# Given data:
________________________

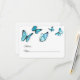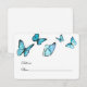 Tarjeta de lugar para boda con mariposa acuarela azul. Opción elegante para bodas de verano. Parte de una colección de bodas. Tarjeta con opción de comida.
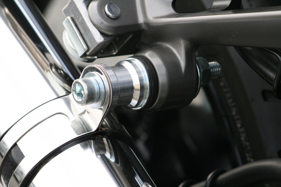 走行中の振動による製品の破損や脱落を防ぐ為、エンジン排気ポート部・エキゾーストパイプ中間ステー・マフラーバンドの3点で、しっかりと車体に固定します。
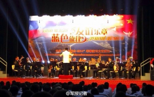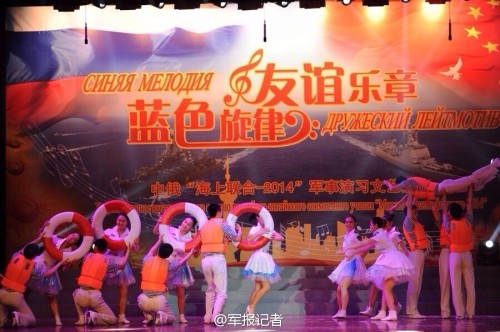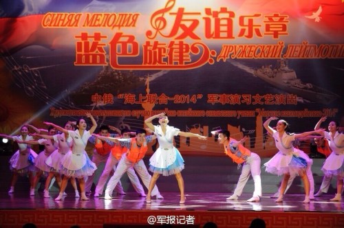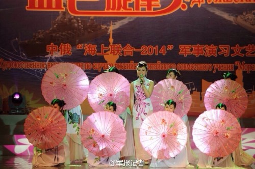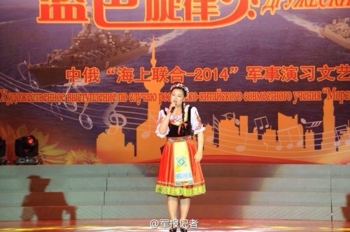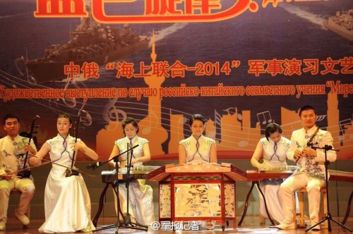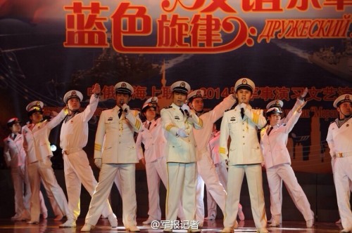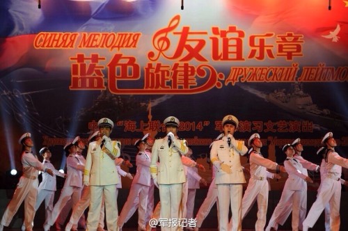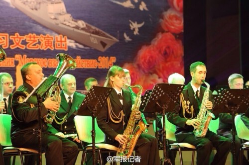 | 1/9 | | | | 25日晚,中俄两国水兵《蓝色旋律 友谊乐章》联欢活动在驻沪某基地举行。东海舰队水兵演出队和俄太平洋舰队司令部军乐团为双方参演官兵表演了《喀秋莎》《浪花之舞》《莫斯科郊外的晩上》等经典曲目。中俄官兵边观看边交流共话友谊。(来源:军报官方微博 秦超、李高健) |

________________________

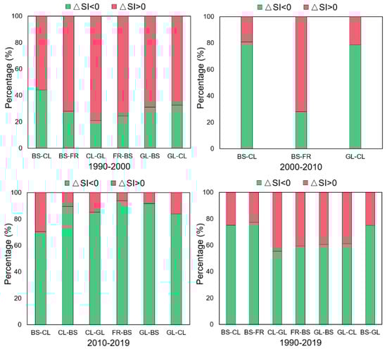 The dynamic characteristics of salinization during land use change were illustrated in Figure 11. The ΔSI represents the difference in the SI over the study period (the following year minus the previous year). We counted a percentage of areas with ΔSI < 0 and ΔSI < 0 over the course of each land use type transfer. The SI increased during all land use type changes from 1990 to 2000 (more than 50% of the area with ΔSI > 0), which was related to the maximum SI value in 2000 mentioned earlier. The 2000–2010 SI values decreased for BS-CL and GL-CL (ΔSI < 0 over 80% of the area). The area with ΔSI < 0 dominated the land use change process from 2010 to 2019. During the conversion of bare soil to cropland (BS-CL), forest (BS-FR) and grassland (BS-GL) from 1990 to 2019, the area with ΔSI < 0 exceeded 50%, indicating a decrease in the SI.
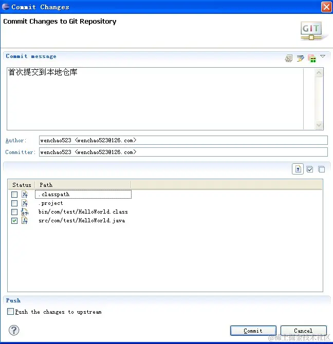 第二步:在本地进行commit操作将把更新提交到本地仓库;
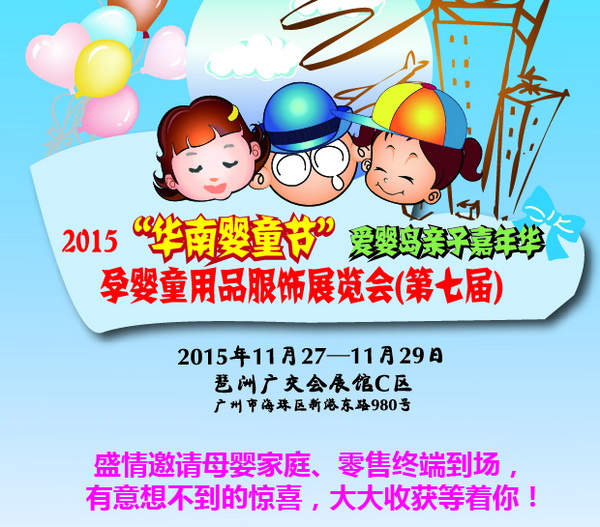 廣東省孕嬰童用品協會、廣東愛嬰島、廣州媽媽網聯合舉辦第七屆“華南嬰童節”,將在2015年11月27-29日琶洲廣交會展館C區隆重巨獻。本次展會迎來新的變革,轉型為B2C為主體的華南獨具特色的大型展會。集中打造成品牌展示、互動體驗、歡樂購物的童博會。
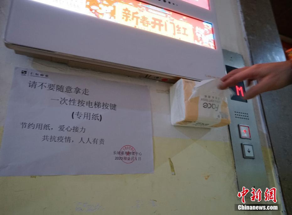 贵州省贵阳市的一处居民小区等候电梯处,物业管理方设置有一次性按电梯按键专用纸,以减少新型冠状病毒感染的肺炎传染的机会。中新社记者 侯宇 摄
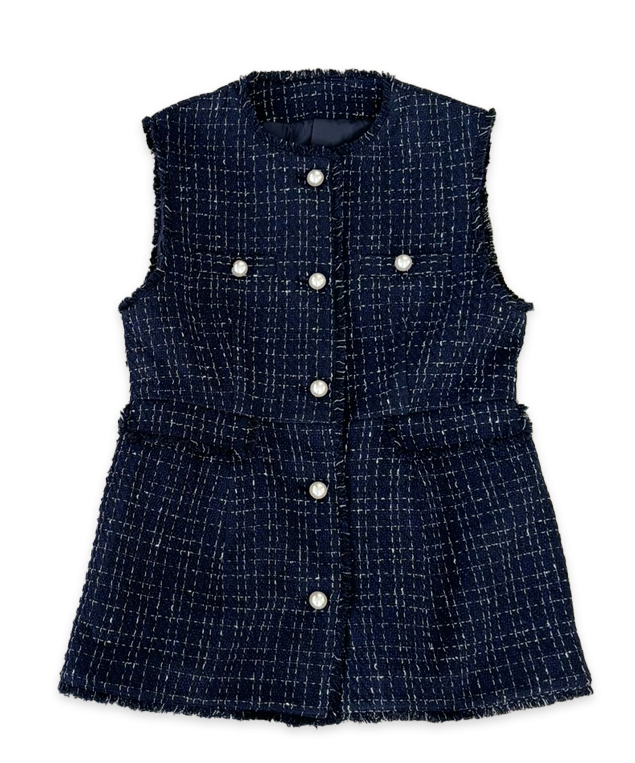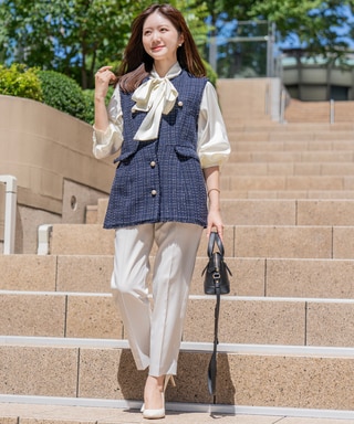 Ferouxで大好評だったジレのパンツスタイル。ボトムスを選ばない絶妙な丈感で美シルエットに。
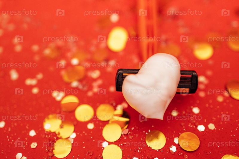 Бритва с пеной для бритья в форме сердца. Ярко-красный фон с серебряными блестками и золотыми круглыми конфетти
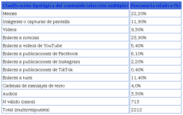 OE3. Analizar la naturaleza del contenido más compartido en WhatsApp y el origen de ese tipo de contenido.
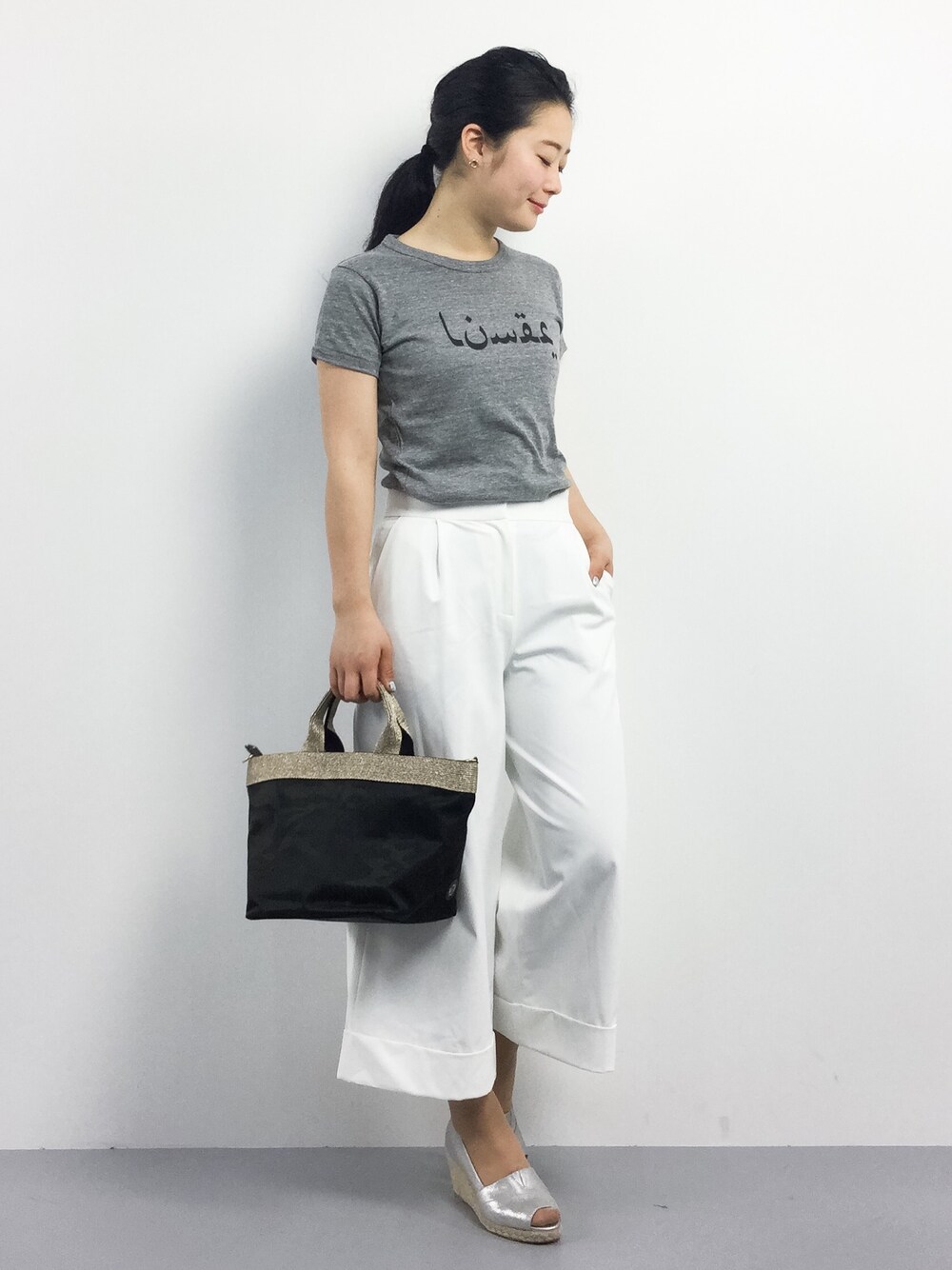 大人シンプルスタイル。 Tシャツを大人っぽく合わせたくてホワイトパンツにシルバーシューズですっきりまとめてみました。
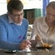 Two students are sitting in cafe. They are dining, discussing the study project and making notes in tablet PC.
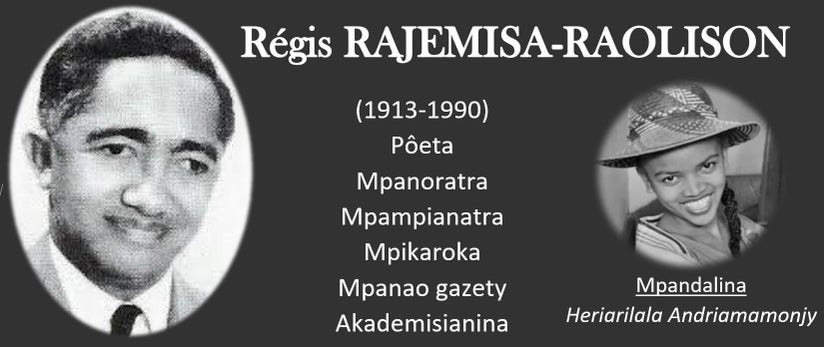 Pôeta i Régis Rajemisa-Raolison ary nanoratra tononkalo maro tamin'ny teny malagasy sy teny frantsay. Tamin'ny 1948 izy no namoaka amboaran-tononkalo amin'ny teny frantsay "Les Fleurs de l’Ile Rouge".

________________________

Each line above that falls between the line with "The dynamic characteristics" and the line with "第二步:在本地进行commit操作将把更新提交到本地仓库;" should be printed exactly, together with those two lines, but the pictures should not.

# Output of the exercise:
 The dynamic characteristics of salinization during land use change were illustrated in Figure 11. The ΔSI represents the difference in the SI over the study period (the following year minus the previous year). We counted a percentage of areas with ΔSI < 0 and ΔSI < 0 over the course of each land use type transfer. The SI increased during all land use type changes from 1990 to 2000 (more than 50% of the area with ΔSI > 0), which was related to the maximum SI value in 2000 mentioned earlier. The 2000–2010 SI values decreased for BS-CL and GL-CL (ΔSI < 0 over 80% of the area). The area with ΔSI < 0 dominated the land use change process from 2010 to 2019. During the conversion of bare soil to cropland (BS-CL), forest (BS-FR) and grassland (BS-GL) from 1990 to 2019, the area with ΔSI < 0 exceeded 50%, indicating a decrease in the SI.
 第二步:在本地进行commit操作将把更新提交到本地仓库;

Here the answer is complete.